[Stored data entries]
== == ==

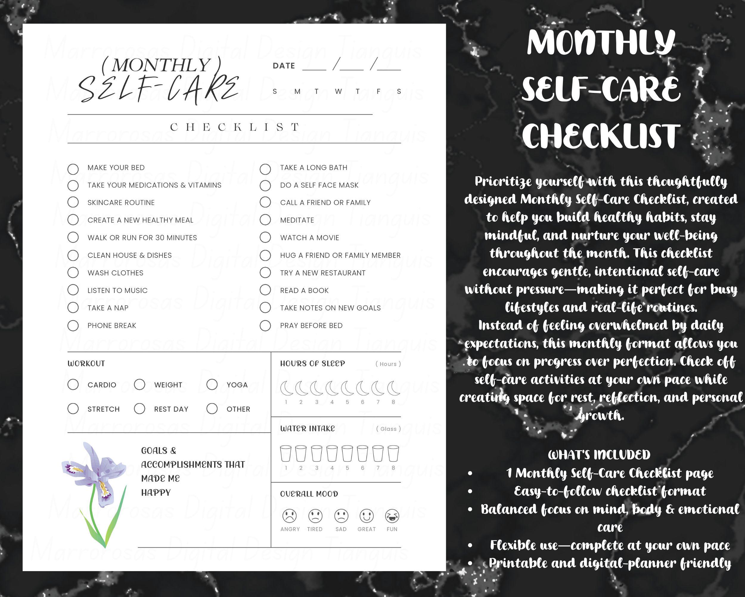 - Monthly Self-Care Checklist Page
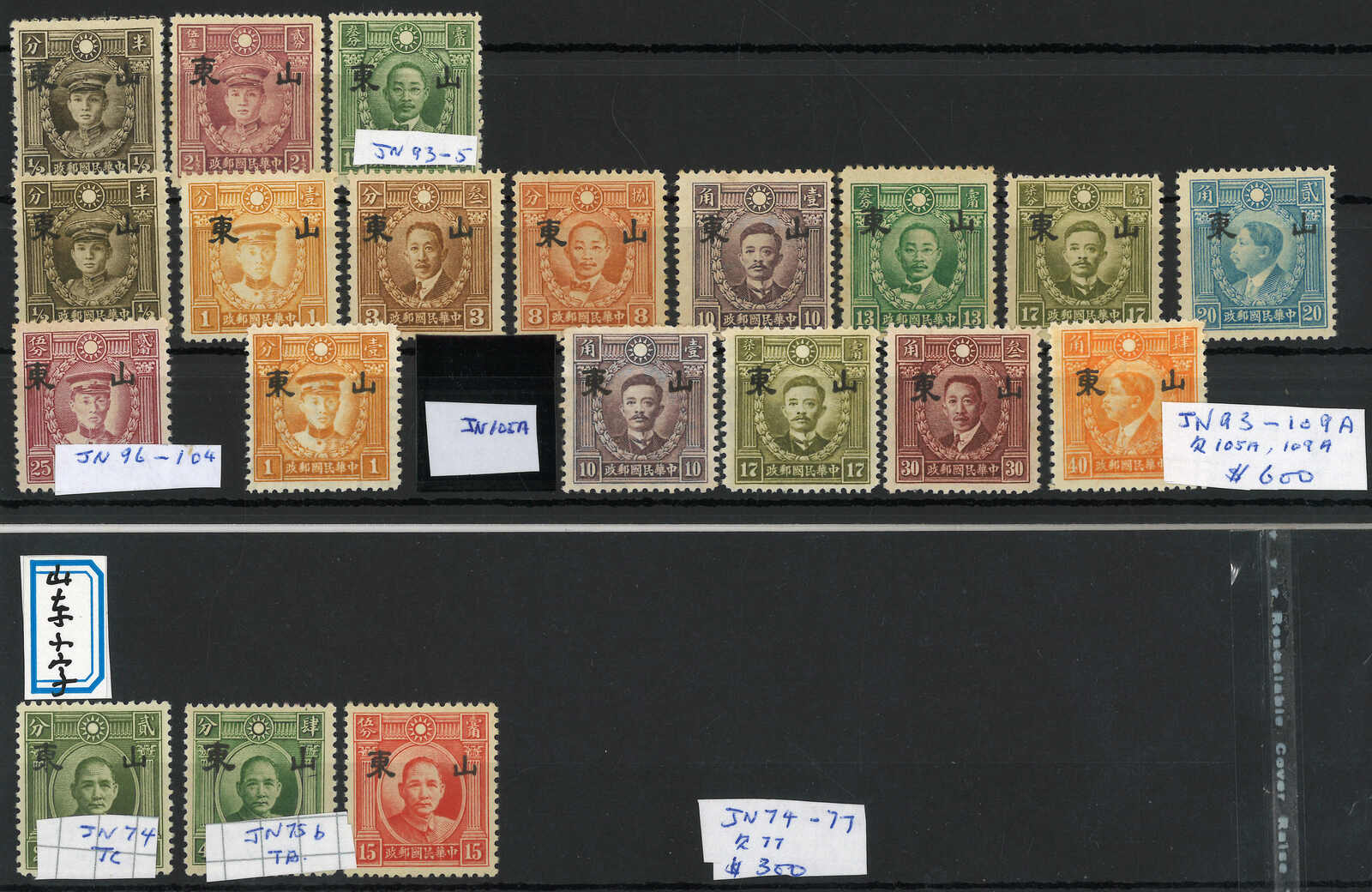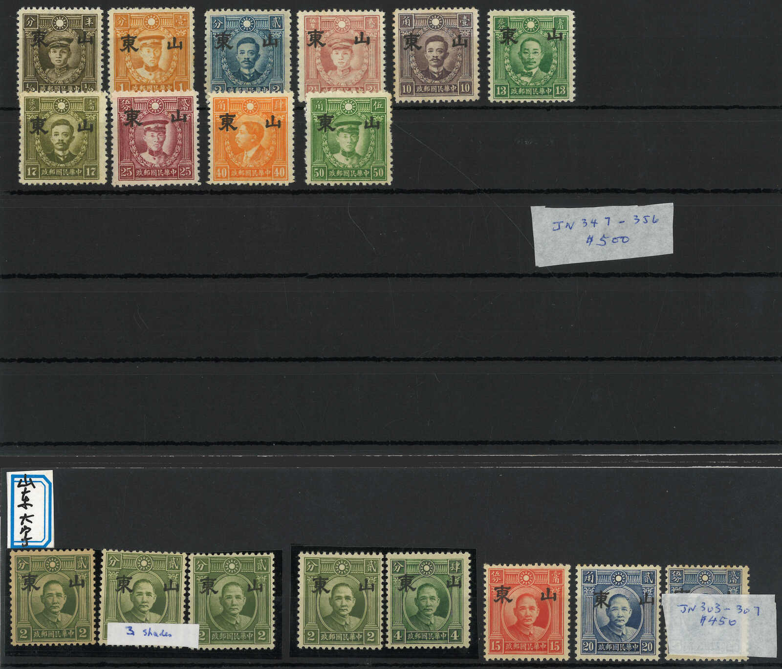 1941 a collection of 6 sets of SYS and Martyrs ovpt "Shantung" in small and large characrer issues, containing Peking, Hong Kong print Martyrs and London Print SYS. All mint.
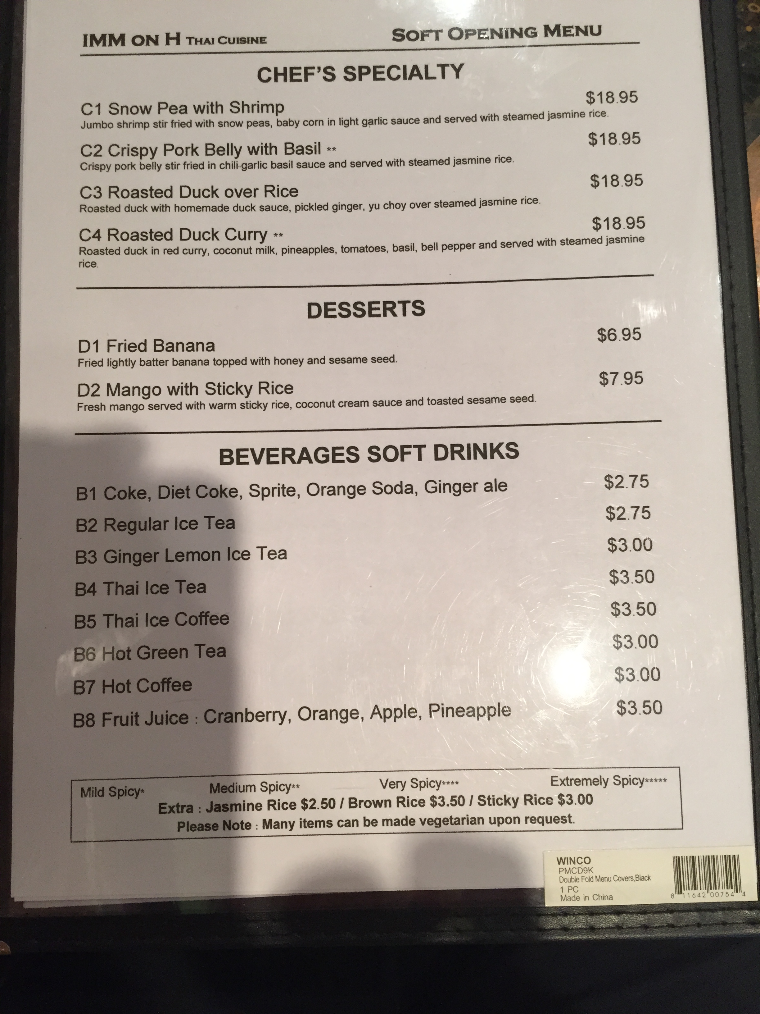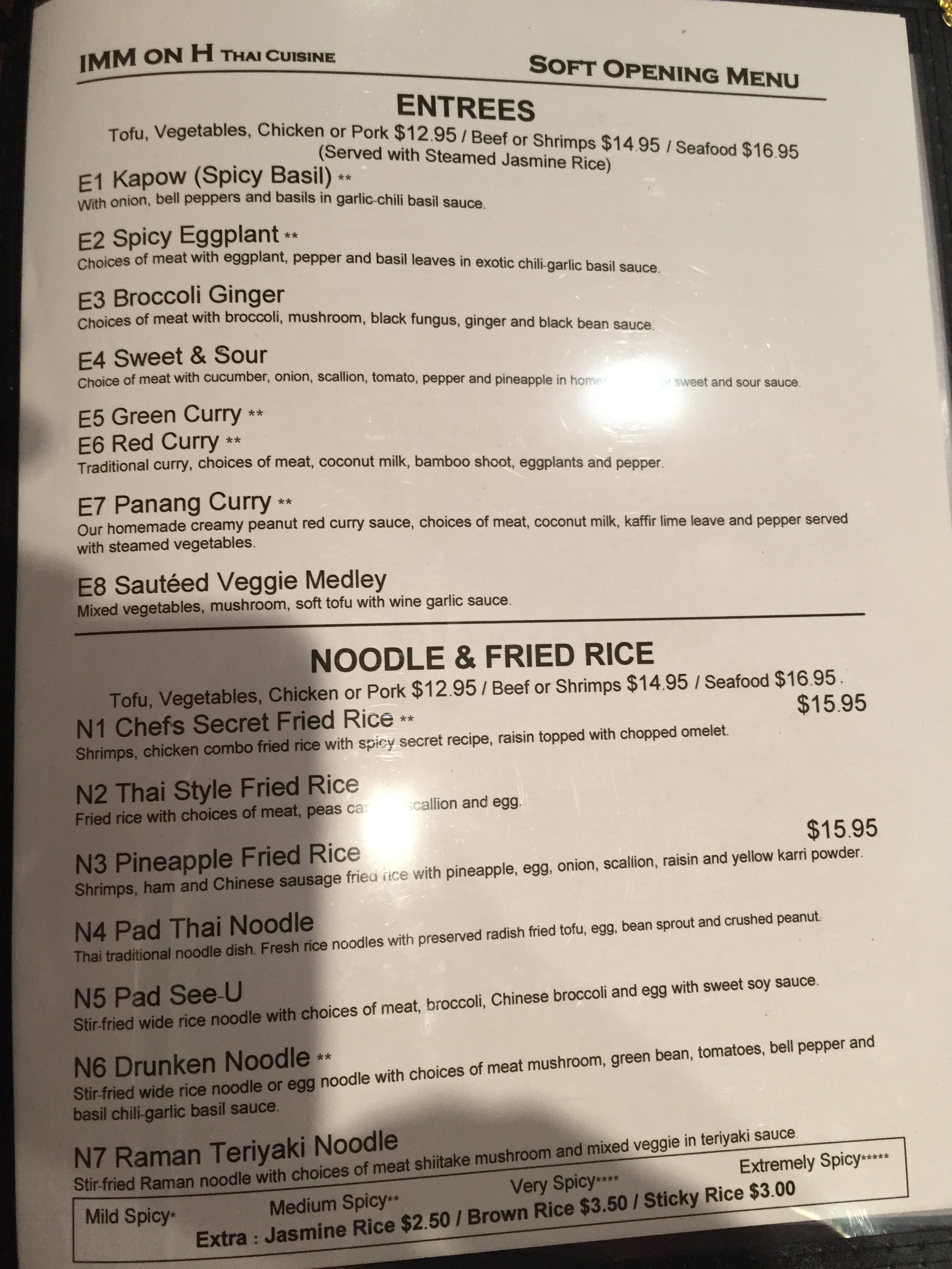 As mentioned last week, IMM Thai (1360 H Street, NE) will be holding a soft opening on H Street for the next several weeks prior to their grand opening. During this soft opening, they will have a limited menu (which turns out isn’t actually that limited, see below). We stopped by last night to check it out.
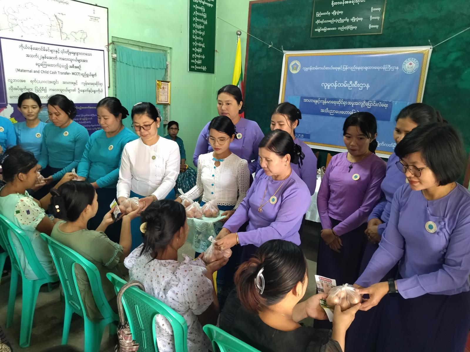 ထို့နောက် အခမ်းအနားတက်ရောက်လာသည့် ကိုယ်ဝန်ဆောင်မိခင်များနှင့် ၎င်းတို့မှမွေးဖွားလာသည့် အသက်(၂)နှစ်အောက်ကလေးငယ်များအား အာဟာရပစ္စည်းဖြစ်သည့် ကြက်ဥများကို တာဝန်ရှိသူများမှ ပေးအပ်ခဲ့ကြကြောင်း သိရသည်။
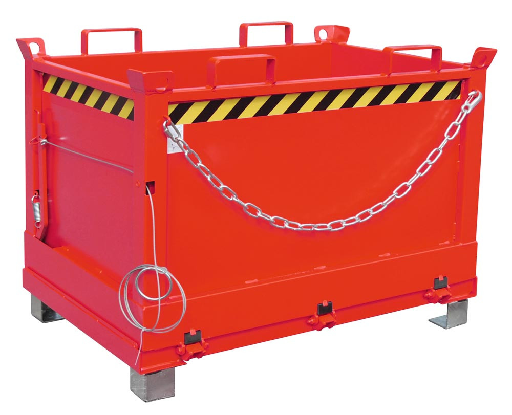 ∙ Entriegelung der Bodenklappe per Seilzug vom Stapler aus ∙ Bodenklappe schließt beim Aufsetzen selbsttätig, 90° Öffnungsbereich ∙ Sicherung für Bodenklappe gegen Abrutschen und ungewünschtes Öffnen ∙ Aufnahme für Gabelstapler und Kran sowie mit Gabelhubwagen transportierbar ∙ Robuste Stahlblechkonstruktion: Wandstärke 3 mm, Bodenklappenstärke 4 mm ∙ Einfahrbügel an der Oberseite des Behälters, Einfahrtaschen an der Unterseite · Unterfahrhöhe 100 mm

== == ==

Output must match the lines from the start of the records above through the line that contains "As mentioned last", exactly and with every picture removed.

EXERCISE OUTPUT ->
 - Monthly Self-Care Checklist Page
 1941 a collection of 6 sets of SYS and Martyrs ovpt "Shantung" in small and large characrer issues, containing Peking, Hong Kong print Martyrs and London Print SYS. All mint.
 As mentioned last week, IMM Thai (1360 H Street, NE) will be holding a soft opening on H Street for the next several weeks prior to their grand opening. During this soft opening, they will have a limited menu (which turns out isn’t actually that limited, see below). We stopped by last night to check it out.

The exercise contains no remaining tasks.